What lines in the records below hold the string "shown"? Please show them.

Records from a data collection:
◇ ◇ ◇
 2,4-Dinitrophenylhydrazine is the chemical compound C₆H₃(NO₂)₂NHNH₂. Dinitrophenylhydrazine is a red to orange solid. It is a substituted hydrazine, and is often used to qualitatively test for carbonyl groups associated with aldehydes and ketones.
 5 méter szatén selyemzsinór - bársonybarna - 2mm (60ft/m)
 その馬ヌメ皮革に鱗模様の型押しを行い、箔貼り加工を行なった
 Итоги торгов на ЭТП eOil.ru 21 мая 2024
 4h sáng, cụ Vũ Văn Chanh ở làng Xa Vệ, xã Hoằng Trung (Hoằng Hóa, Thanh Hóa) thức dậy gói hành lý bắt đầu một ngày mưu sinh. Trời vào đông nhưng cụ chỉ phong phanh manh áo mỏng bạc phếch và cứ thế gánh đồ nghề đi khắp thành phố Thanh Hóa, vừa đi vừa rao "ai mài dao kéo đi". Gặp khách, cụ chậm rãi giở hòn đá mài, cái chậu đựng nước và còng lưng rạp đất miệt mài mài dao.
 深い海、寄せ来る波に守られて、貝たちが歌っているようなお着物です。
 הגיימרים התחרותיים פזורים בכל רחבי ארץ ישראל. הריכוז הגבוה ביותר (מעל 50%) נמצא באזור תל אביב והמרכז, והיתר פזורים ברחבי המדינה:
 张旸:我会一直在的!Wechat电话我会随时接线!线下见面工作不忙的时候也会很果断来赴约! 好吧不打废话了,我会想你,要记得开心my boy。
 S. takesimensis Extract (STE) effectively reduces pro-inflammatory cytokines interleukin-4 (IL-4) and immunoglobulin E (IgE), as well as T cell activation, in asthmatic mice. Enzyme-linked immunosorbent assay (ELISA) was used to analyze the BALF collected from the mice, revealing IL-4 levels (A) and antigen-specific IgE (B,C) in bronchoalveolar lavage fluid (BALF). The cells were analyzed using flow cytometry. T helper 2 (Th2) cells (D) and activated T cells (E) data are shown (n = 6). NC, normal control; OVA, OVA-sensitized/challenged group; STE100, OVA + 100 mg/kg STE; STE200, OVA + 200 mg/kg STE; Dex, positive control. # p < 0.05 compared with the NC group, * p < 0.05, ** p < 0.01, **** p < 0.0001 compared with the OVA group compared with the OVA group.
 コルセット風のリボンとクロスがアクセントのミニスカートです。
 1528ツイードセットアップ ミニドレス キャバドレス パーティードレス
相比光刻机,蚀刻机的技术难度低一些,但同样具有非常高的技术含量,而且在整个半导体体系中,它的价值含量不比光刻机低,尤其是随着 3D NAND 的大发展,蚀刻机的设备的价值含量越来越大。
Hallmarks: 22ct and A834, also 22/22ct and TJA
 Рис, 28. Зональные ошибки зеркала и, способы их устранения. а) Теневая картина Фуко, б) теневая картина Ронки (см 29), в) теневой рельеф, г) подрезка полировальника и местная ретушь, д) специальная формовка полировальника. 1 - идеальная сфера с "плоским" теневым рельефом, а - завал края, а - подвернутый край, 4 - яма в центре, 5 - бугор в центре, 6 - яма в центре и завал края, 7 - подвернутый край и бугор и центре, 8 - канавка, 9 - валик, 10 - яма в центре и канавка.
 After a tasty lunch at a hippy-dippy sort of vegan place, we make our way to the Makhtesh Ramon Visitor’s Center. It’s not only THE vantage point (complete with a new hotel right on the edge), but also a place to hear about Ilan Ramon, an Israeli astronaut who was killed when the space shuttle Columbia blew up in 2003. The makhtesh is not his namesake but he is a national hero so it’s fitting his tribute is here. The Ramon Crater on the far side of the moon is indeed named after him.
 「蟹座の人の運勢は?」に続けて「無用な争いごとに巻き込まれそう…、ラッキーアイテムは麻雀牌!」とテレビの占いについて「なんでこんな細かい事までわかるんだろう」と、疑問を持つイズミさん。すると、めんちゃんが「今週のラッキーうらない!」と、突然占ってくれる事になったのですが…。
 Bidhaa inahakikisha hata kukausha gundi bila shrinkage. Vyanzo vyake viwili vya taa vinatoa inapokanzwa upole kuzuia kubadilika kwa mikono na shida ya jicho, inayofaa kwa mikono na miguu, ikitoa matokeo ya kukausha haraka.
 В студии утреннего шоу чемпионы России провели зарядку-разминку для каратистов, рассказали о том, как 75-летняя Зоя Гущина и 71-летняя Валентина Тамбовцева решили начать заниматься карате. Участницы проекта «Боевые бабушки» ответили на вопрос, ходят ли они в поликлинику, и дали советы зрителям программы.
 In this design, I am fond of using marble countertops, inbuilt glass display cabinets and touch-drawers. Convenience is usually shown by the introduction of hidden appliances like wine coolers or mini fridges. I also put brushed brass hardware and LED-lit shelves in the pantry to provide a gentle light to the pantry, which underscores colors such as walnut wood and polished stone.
◇ ◇ ◇
**Reply**:
 S. takesimensis Extract (STE) effectively reduces pro-inflammatory cytokines interleukin-4 (IL-4) and immunoglobulin E (IgE), as well as T cell activation, in asthmatic mice. Enzyme-linked immunosorbent assay (ELISA) was used to analyze the BALF collected from the mice, revealing IL-4 levels (A) and antigen-specific IgE (B,C) in bronchoalveolar lavage fluid (BALF). The cells were analyzed using flow cytometry. T helper 2 (Th2) cells (D) and activated T cells (E) data are shown (n = 6). NC, normal control; OVA, OVA-sensitized/challenged group; STE100, OVA + 100 mg/kg STE; STE200, OVA + 200 mg/kg STE; Dex, positive control. # p < 0.05 compared with the NC group, * p < 0.05, ** p < 0.01, **** p < 0.0001 compared with the OVA group compared with the OVA group.
 In this design, I am fond of using marble countertops, inbuilt glass display cabinets and touch-drawers. Convenience is usually shown by the introduction of hidden appliances like wine coolers or mini fridges. I also put brushed brass hardware and LED-lit shelves in the pantry to provide a gentle light to the pantry, which underscores colors such as walnut wood and polished stone.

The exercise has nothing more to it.